Page source (showing your problem):
<tr>
<td>Jairamdas Daulatram</td>
<td></td>
<td>1948</td>
<td>1952</td>
<td rowspan="6">Indian National Congress</td>
<td rowspan="6" bgcolor="#00BFFF" width="4px"></td>
<td rowspan="3">Jawaharlal Nehru</td>
<td><sup id="cite_ref-1" class="reference"><span>[</span>1<span>]</span></sup></td>
</tr>
<tr>
<td>Panjabrao Deshmukh</td>
<td></td>
<td>1952</td>
<td>1962</td>
<td><sup id="cite_ref-2" class="reference"><span>[</span>2<span>]</span></sup></td>
</tr>

Like already stated in a previous post. It does not make sense to set a static length. Just check if <td> exists.

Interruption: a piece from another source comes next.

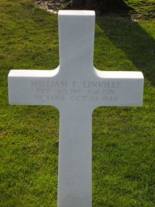 Pvt William F. Linville worked on a farm before he joined the Regular Army under the assumed name William P. Jones at Fort Benjamin Harrison, Indiana on 17 July 1940.Source of information: Raf Dyckmans, Peter Schouteten, www.wwiimemorial.com, www.fold3.com, www.ancestry.com - Headstone and Interment Record, www.archives.gov - WWII Enlistment Record

The code below is written in Python 3, but should work in Python 2.7 as well with some small adjustments.
from bs4 import BeautifulSoup
from urllib.request import urlopen
wiki = urlopen("https://en.wikipedia.org/wiki/Minister_of_Agriculture_(India)")
soup = BeautifulSoup(wiki, "html.parser")
table = soup.find("table", { "class" : "wikitable" })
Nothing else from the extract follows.